**HOW TO COMPLETE THIS TASK:** Among the entries that follow, locate the line with "2 Audition Concarneau" and the line with "Iris Apfel &". Output those lines and all lines in between, exactly, minus the pictures.

(Beginning of LISTED RECORDS)

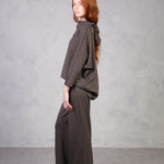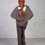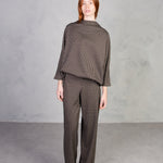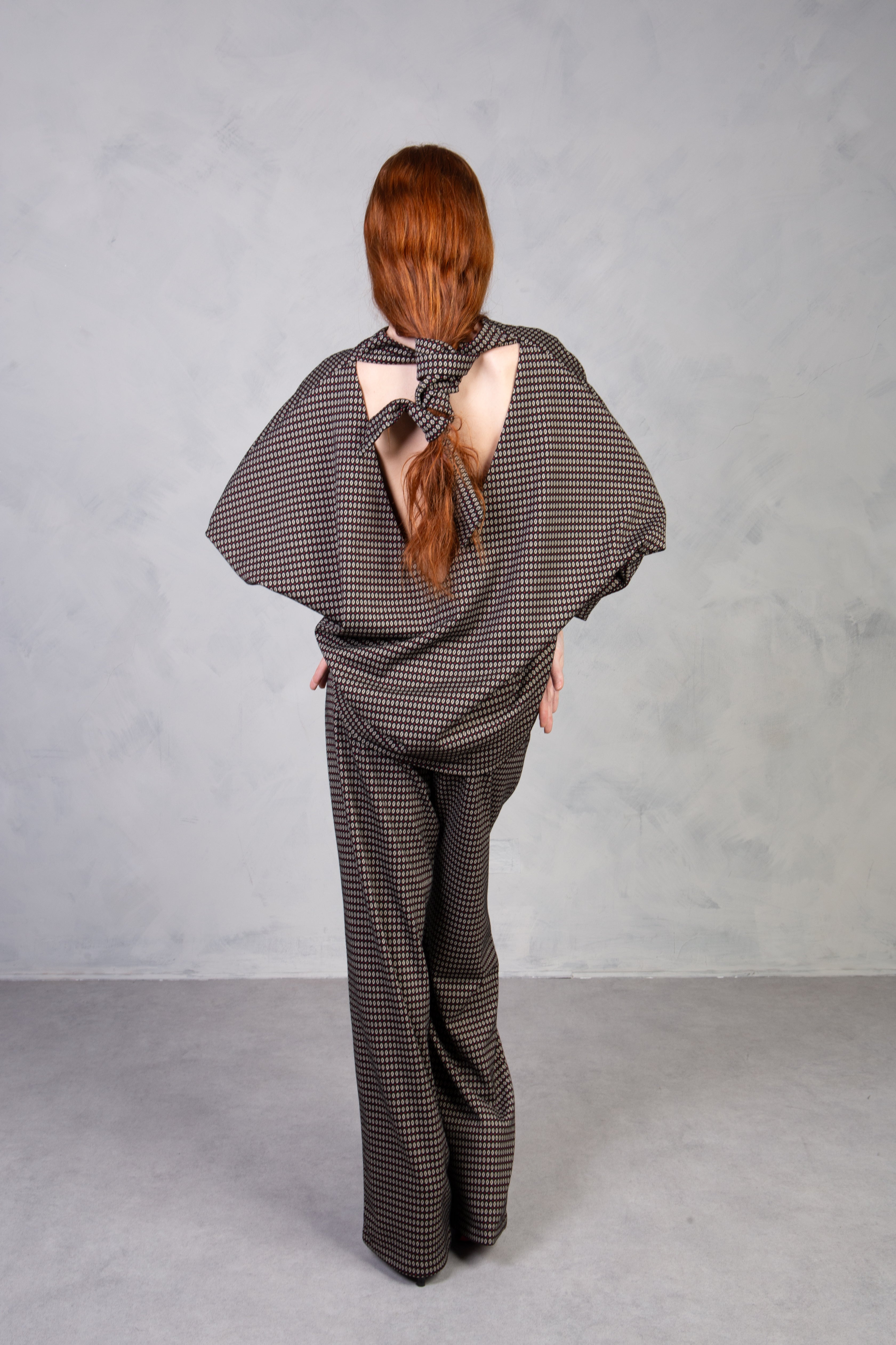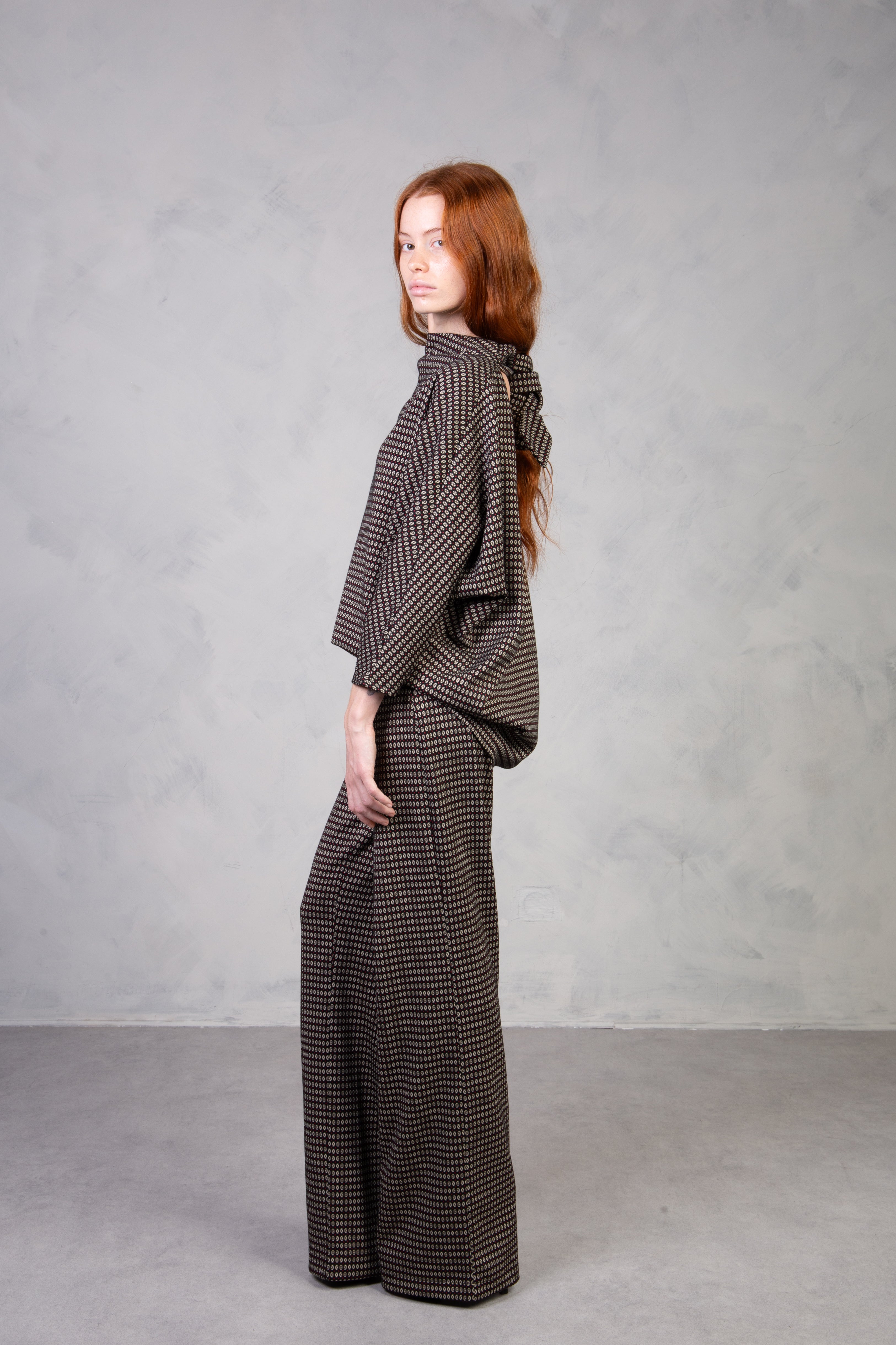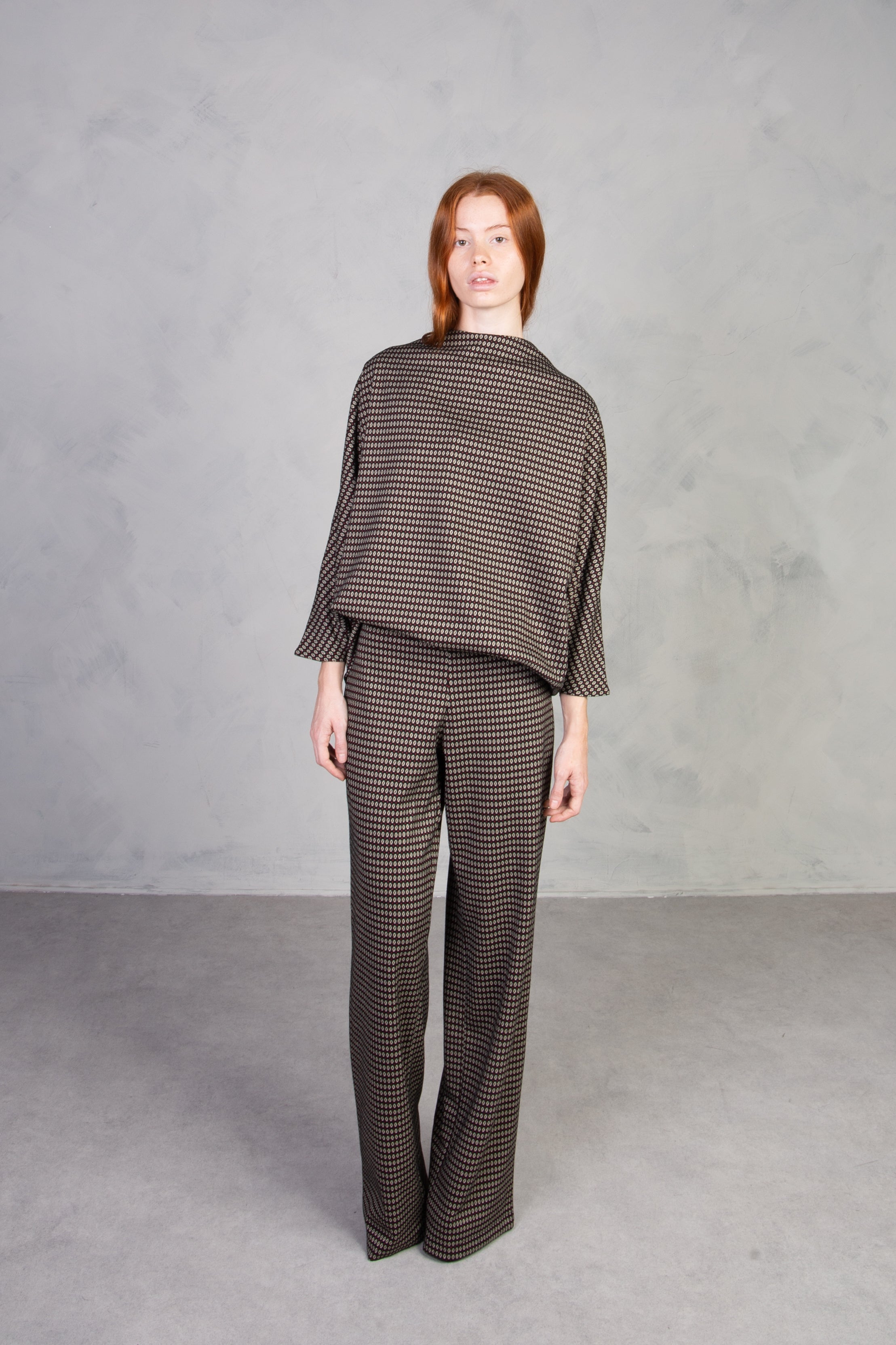Pantalón bicolor a cuadros de talle alto con pernera ancha y corte recto. Silueta fluida que alarga visualmente la figura.
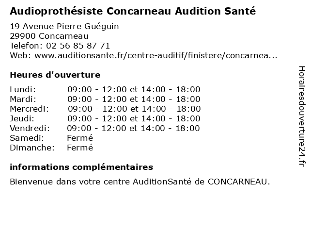 2 Audition Concarneau (Distance: 0,16 km) 13 Quai Carnot, 29900 Concarneau appareil, audioprothésiste, auditif, audition, centre, concarneau, test 3 Audition Mutualiste (Distance: 1,97 km) - Rue Joseph Bigot, 29900 Concarneau accessoires, aides auditives, audioprothésiste, audition, mutualiste, santé 6 Écouter Voir Audition QUIMPER KERNENEZ (Distance: 18,03 km) 2 Allée de Kernenez, 29000 Quimper audition, kernenez, quimper, voir, écouter |
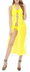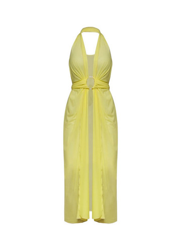 Специально скроенная сетка-мэш, которая с помощью прилагаемого или любого другого кольца-браслета превращается в элегантное пляжное платье. Дополнительная возможность использования в качестве парео или туники за счет особенного кроя.
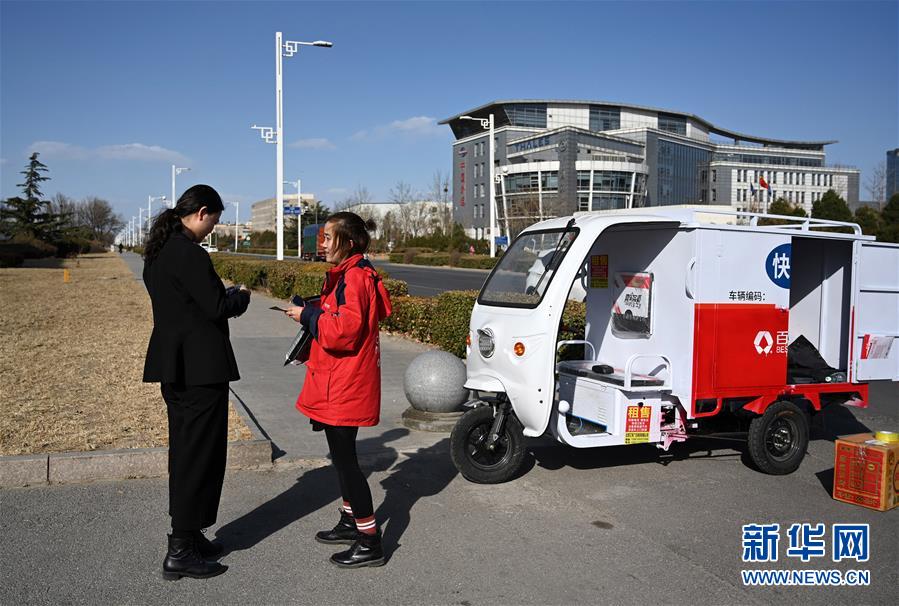 3月5日,快递员高静(右)在北京某单位门口取件。新华社记者金良快摄
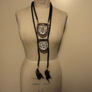 Iris Apfel & Bajalia Black-Clear Rhinestone Feathered Beaded 2 Layer Necklace
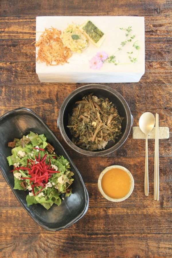 上の料理は、「ボジャギビビンパッ」。コース料理を注文すると、プラス2000ウオンでメイン料理をこちらに変更もでき、実はこのビビンパッがお店で一番人気なんだとか。卵が入っているのでヴィーガン料理だけ!という方にはオススメできないのですが、そうでない方にはぜひトライしてほしい、とスタッフの方イチオシのメニューです。日本の風呂敷のような意味で使うボジャギのように、卵でビビンパッを包んであるのもかわいいですよね。
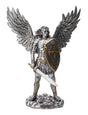 This handsome statue of Saint Michael measures 13.5 inches tall. Features the angelic Saint with armor, shield and sword in a bright pewter finish with gold details.Saint Michael the Archangel is the patron saint of police, emergency medical technicians, and the military (especially Airborne Paratroopers). He is the defender against evil and the Evil One.
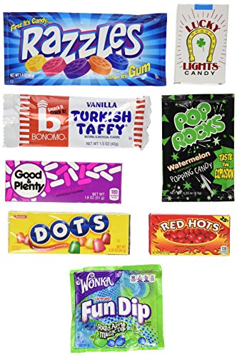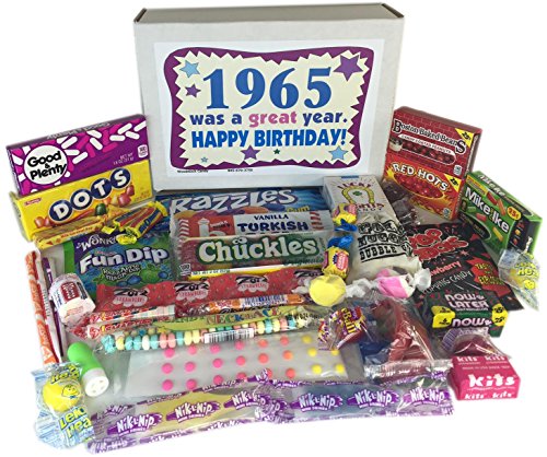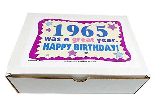 -. Binding : Misc. -. Brand : Woodstock Candy -. Feature : Contains thirty kinds of retro candy that you'll remember from childhood / Makes a fun and unique birthday gift for someone born in 1965 / Box measures 9.5 x 7 x 3 inches and comes shrink wrapped / 1965 birthday gift box comes filled with nostalgic candy that's sure to bring back great memories / Everyone loves candy! -. IsAdultProduct : 0 -. Label : Woodstock Candy -. Manufacturer : Woodstock Candy -. PackageQuantity : 1 -. ProductGroup : Grocery -. ProductTypeName : GROCERY -. Publisher : Woodstock Candy -. Studio : Woodstock Candy -. Title : 52nd Birthday Gift Box of Nostalgic Retro Candy from Childhood for a 52 Year Old Man or Woman Born in 1965 - '60s Jr
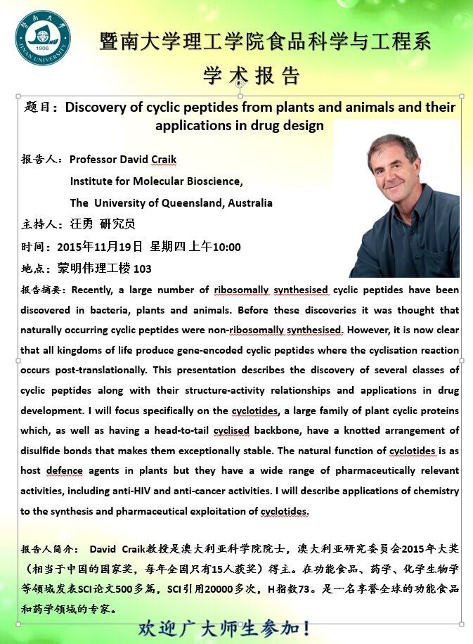 澳门新葡萄新京6663食品科学与工程系学术报告
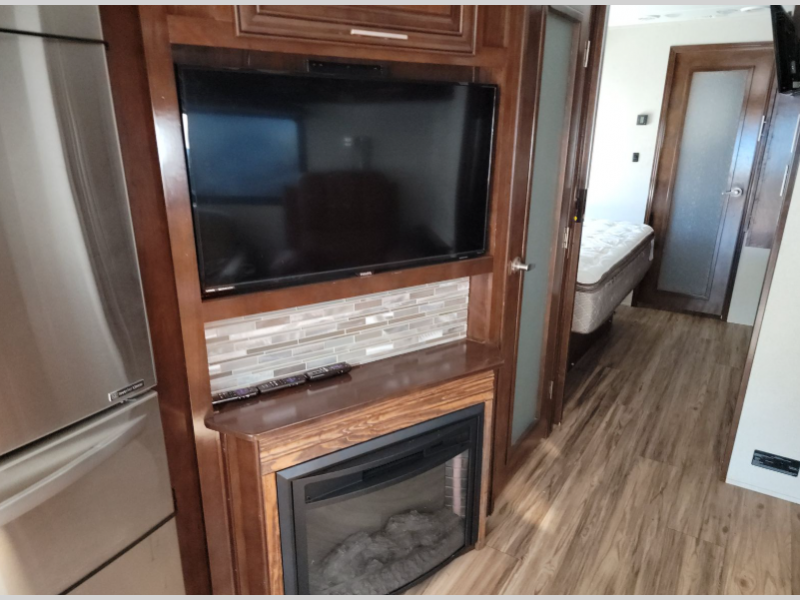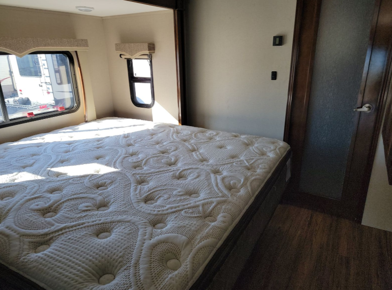 The walk-through bedroom features a king bed slide with overhead cabinets. There is also a wardrobe, TV, and optional washer and dryer.
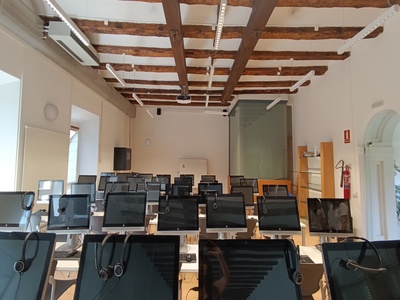 - Dos laboratorios con capacidad para 24 personas. Disponen de altavoces, proyector y pantalla de proyección.Primera planta.
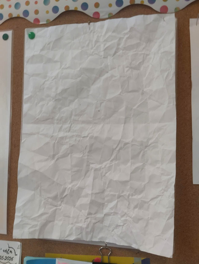 Οι δράσεις μας ολοκληρώθηκαν με τη δραστηριότητα «Το τσαλακωμένο χαρτί», μια συμβολική δραστηριότητα που μας διδάσκει πως τα άσχημα λόγια αφήνουν μέσα μας σημάδια, πληγές που δεν επουλώνονται πλήρως, ακόμη κι αν ζητήσουμε συγγνώμη ή αν αργότερα ακούσουμε όμορφα λόγια. Πήραμε λοιπόν ένα ατσαλάκωτο, καθαρό χαρτί και αρχίσαμε να του λέμε άσχημα λόγια, λόγια που πληγώνουν. Με κάθε άσχημο λόγο το τσαλακώναμε, μέχρι που έγινε μια μπάλα. Στη συνέχεια του ζητήσαμε συγγνώμη και αρχίσαμε να του λέμε λόγια που δίνουν χαρά: ευγενικά, όμορφα λόγια. Το χαρτί άνοιξε ξανά, όμως οι χαρακιές παρέμειναν εμφανείς και δεν μπορούσαν να διορθωθούν. Έτσι καταλήξαμε στο συμπέρασμα ότι χρειάζεται να προσέχουμε πολύ τα λόγια μας, γιατί επηρεάζουν βαθιά την ψυχή των ανθρώπων γύρω μας.
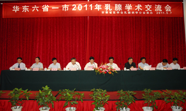 5月6-8日,由安徽医学会主办、我院承办的安徽省医学会乳腺病分会成立暨华东六省一市2011年乳腺学术交流会在合肥召开,安徽省卫生厅副厅长李劲风、医院院长朱启星、安徽省医学会秘书长王尚柏出席开幕式并讲话,江苏省人民医院副院长王水代表华东六省一市致辞。开幕式由我院乳腺外科主任王本忠主持。来自华东六省一市140余名代表参加了会议。
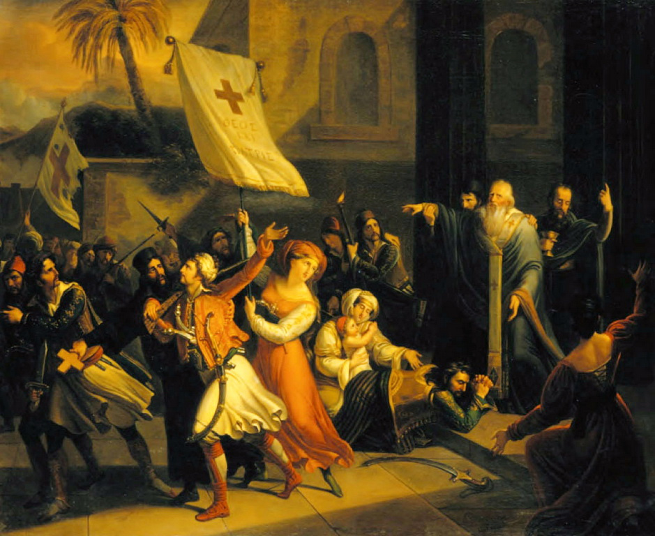 Τους κατοίκους του Μεσολογγίου, της Χίου και γενικότερα τους Έλληνες που βασανίζονταν, σφάζονταν ή οδηγούνταν στα δουλοπάζαρα από τους τούρκους, η Ευρωπαϊκή κοινή γνώμη τους έβλεπε ως τους νεομάρτυρες της χριστιανικής πίστης. Τα φιλελληνικά έργα έδωσαν ιδιαίτερη έμφαση στον χριστιανικό χαρακτήρα. Ενώ μια νέα θεματογραφία προέκυψε που την χαρακτήριζε η έμφαση σε ιερατικά μοτίβα. Στην σφαγή της Χίου του Ρώσου Ξιντάκομπ, ο ιερέας μάχεται με το σύμβολο του σταυρού στο χέρι του ως ο τελευταίος και υπέρτατος υπερασπιστής της πίστης και της ελευθερίας. Τέτοιες σκηνές άναβαν φωτιές στις καρδιές των χριστιανών της Ευρώπης. Συχνά τα ιστορικά γεγονότα συνυφαίνονται με κάποιο προσωπικό δράμα όπως τον πίνακα του Ary Scheffer «Νεαρός έλληνας που υπερασπίζεται τον πληγωμένο πατέρα του» και ανδρώνεται μέσα στη μάχη.

(End of LISTED RECORDS)

**EXERCISE SOLUTION:**
 2 Audition Concarneau (Distance: 0,16 km) 13 Quai Carnot, 29900 Concarneau appareil, audioprothésiste, auditif, audition, centre, concarneau, test 3 Audition Mutualiste (Distance: 1,97 km) - Rue Joseph Bigot, 29900 Concarneau accessoires, aides auditives, audioprothésiste, audition, mutualiste, santé 6 Écouter Voir Audition QUIMPER KERNENEZ (Distance: 18,03 km) 2 Allée de Kernenez, 29000 Quimper audition, kernenez, quimper, voir, écouter |
 Специально скроенная сетка-мэш, которая с помощью прилагаемого или любого другого кольца-браслета превращается в элегантное пляжное платье. Дополнительная возможность использования в качестве парео или туники за счет особенного кроя.
 3月5日,快递员高静(右)在北京某单位门口取件。新华社记者金良快摄
 Iris Apfel & Bajalia Black-Clear Rhinestone Feathered Beaded 2 Layer Necklace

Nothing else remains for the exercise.